20 Sep 2018

Changes to the Country Information pages: Tuberculosis

NaTHNaC has reviewed and updated the tuberculosis (TB) country specific information in order to provide up-to-date recommendations for travellers and travel health professionals Changes to the Country Information pages: Tuberculosis

NaTHNaC has recently reviewed the information from the World Health Organization (WHO) on the incidence of TB [1] and rates of Multi Drug Resistant-TB (MDR-TB) [2] in each country. Where no or limited data was available for a country, an expert consensus opinion was formed based on the most recent available information.

Some travellers may be recommended to receive BCG vaccine when travelling to countries where the average annual incidence of all forms of TB was ≥40 cases per 100,000 population from 2014 to 2016 or when the risk of MDR-TB is considered high [2, 3].

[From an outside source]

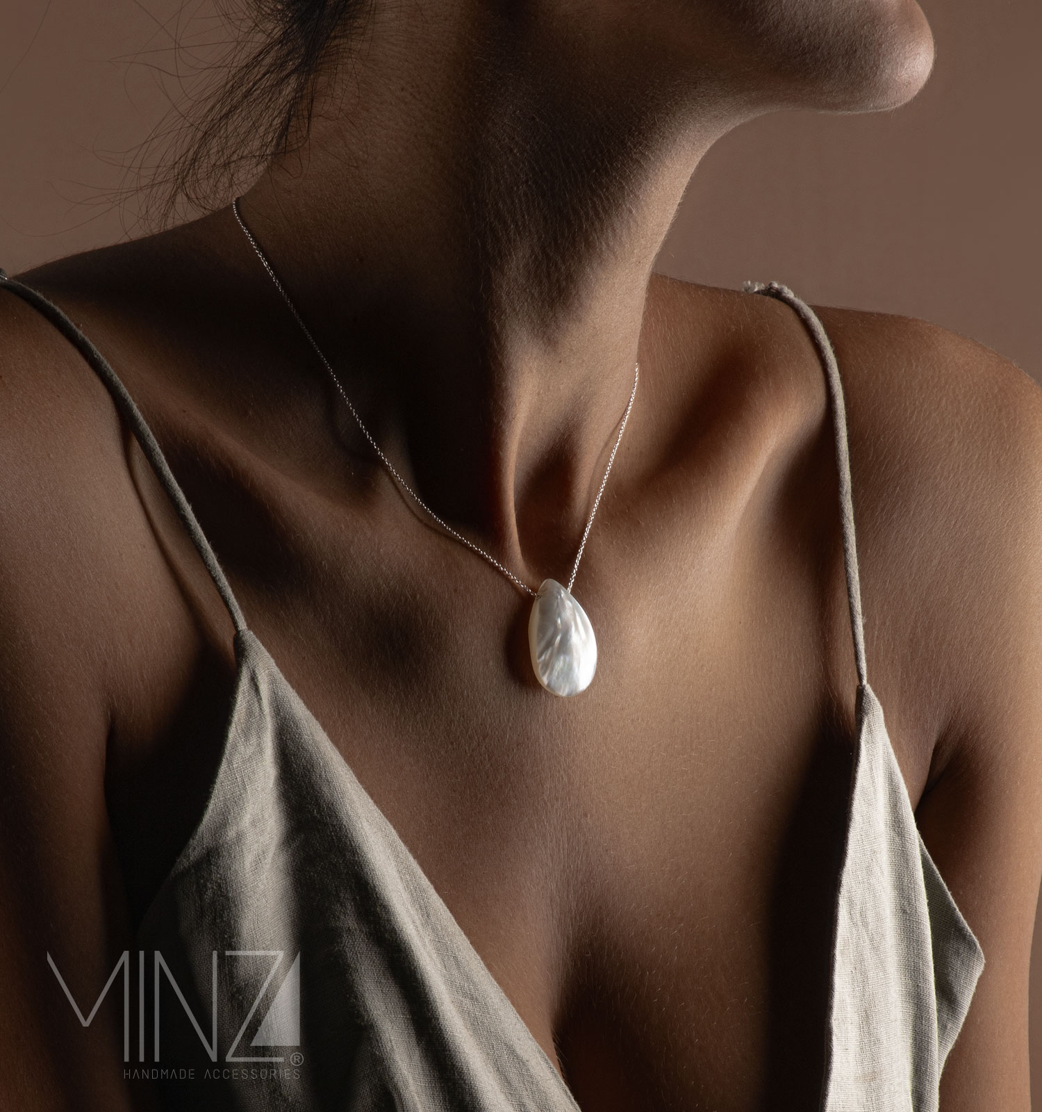 At the heart of the ” Oyster ” Silver Necklace lies a tear-shaped shell stone pendant, measuring 2.5 by 1.8 cm. This exquisite gemstone, reminiscent of a delicate oyster shell, exudes natural beauty and grace. Its unique dimensions and intricate texture make it a statement piece that effortlessly captures the imagination.
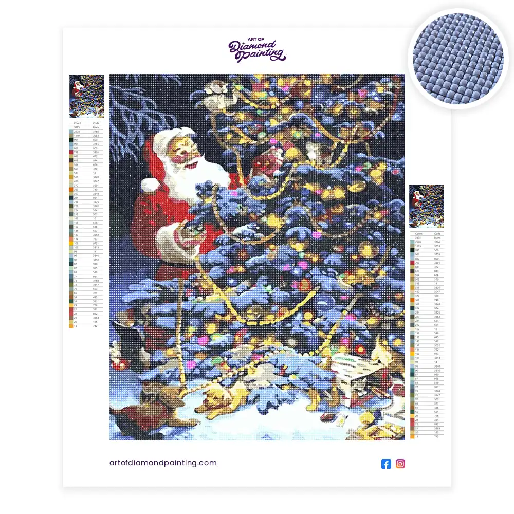 This Santa decorating christmas tree diamond painting kit contains all the necessary materials to create your artwork

Based on the criteria above Guatemala and Suriname no longer have a recommendation for some travellers to receive BCG vaccination.

Advice for travellers

The current UK vaccination programme recommends that people travelling for more than three months where the annual incidence of TB is ≥40 cases per 100,000 population and/or where the risk of Multi Drug Resistant-TB (MDR-TB) is high, the Bacillus Calmette-Guérin (BCG) vaccination should be considered for:

  • some children below 16 years of age travelling to countries to stay with friends/family or local people.
  • healthcare workers in settings that are of high risk of exposure to patients diagnosed with TB, particularly MDR-TB [3].

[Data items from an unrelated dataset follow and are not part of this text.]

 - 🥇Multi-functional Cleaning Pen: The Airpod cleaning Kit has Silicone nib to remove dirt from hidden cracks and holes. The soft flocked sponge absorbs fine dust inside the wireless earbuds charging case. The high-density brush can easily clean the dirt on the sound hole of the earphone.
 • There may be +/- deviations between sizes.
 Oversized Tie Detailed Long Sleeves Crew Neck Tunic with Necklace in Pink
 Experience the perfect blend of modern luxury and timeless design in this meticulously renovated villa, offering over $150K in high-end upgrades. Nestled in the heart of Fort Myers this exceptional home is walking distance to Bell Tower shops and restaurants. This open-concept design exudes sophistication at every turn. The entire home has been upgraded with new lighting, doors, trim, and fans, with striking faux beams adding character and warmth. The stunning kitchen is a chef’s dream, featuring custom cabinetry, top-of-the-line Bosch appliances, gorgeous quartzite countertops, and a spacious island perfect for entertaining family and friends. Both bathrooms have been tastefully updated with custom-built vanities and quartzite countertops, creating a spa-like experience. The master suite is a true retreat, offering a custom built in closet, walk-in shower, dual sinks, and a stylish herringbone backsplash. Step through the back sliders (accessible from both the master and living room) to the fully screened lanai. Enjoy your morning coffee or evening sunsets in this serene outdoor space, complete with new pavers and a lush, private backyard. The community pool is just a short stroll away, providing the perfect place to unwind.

More information about TB can be found here

Advice for health professionals

BCG vaccination is not usually recommended for travellers to countries where the annual incidence of TB incidence is <40/100,000.

BCG vaccination should be considered for some immunocompetent children below 16 years of age and healthcare workers at high risk of exposure to patients diagnosed with TB travelling to countries for more than three months with a presumed or average annual TB incidence ≥40/100,000 and/or where the risk of Multi Drug Resistant-TB (MDR-TB) is high [3].